Moreover, I provided examples in 2016 and 2017 of how Google was burying The New American and other conservative sites. One tactic is to simply place a conservative article that warrants being on the first page of search results on a much lower page. Note that 75 percent of Web users never scroll past the first page. Anything below the second is Internet Siberia.
This matters because the three most important things in business are location, location, and location. When GoogTwitFace downgrades you, it’s essentially changing your location. As your Internet traffic tanks, so does ad revenue. And without ad revenue, sites can’t afford to pay writers and provide premium content. (Note here that GoogTwitFace is responsible for more than 80 percent of referrals to news and commentary sites.)

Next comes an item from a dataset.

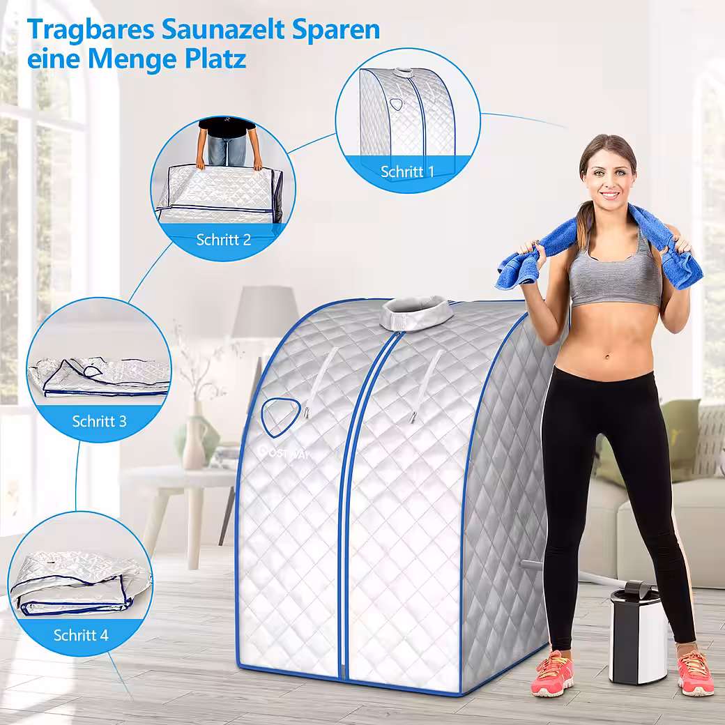 • The steam sauna tent can be set up in just a few steps. And the home sauna is portable.

What this means is that GoogTwitFace’s censorship is in one sense almost as bad as government censorship; in another sense it’s worse. People know it when government denies freedom of speech, so they may expect lies. Our current system presents the illusion of information’s free flow, but it’s more and more a managed flow. Of course, the average person is unaware of this, that when he searches for the “truth” on the matter or is being shown “top news,” he’s often getting techies’ views.
Yet it’s also true that GoogTwitFace works hand-in-glove with Western governments, many of which demand it eliminate “hate speech” (read: politically incorrect views). This just cements and lends legitimacy to the entity’s censorial instincts.

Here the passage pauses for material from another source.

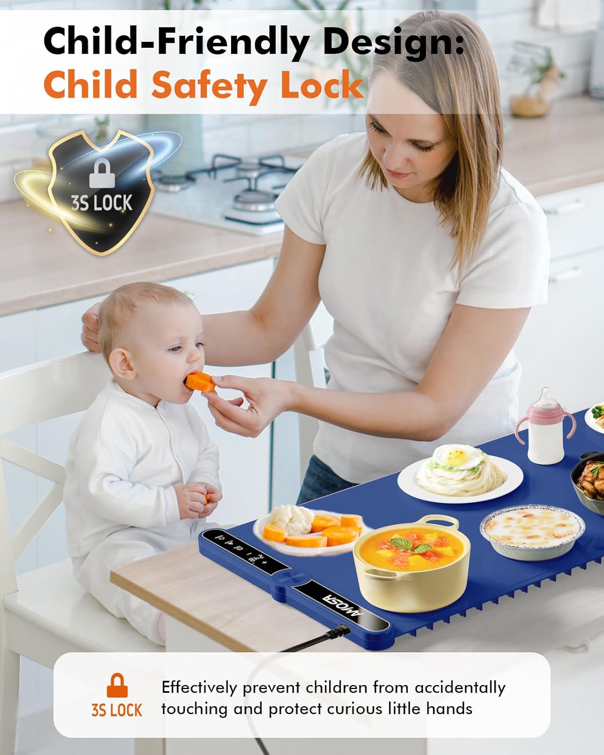- 【What You Get】AMOSA Electric Food Warmer*1, Power Cord*1, Silicone Straps*1, Storage Bag*1, Placemat*1, User Manual*1, AMOSA up to 24-month after-sales service, and 7-day/24-h friendly customer service. If you have any problems, we will 100% solve them.

Having said the above, my article is insufficient; Hawkins’ article is insufficient — because words are insufficient to truly relate the magnitude of this problem. Hawkins correctly states that social media — increasingly synonymous with GoogTwitFace — are the new public square. It’s a bit as if we were back in the newspaper age and GoogTwitFace existed and controlled not only all the advertising, but all the distribution mechanisms: the paper trucks, paper boys, and post office. Sure, you could print 100,000 copies of your paper, but how would you advertise it and get it to prospective customers if a hostile, quasi-monopolistic entity blacklisted you? You’d be relegated to selling it at your own little newsstand to whatever passersby were interested.
Hawkins sums up the problem, writing, “It’s easy to say, ‘Build your own social media website and compete with them,’ but we’re talking about companies with billions of dollars and monopolistic control of their markets… We are now in a very oversaturated, corporation-dominated media environment. If you don’t already have a legacy website that captured traffic years ago and held onto it, huge traffic you can bring in from elsewhere, or millions of dollars to spend, your chances of getting a political website off the ground today are infinitesimal.”
It’s not so much that absolute power corrupts absolutely, but that it allows the absolutely powerful’s true self to emerge. GoogTwitFace’s monopolistic character is allowing its fascistic character to be revealed.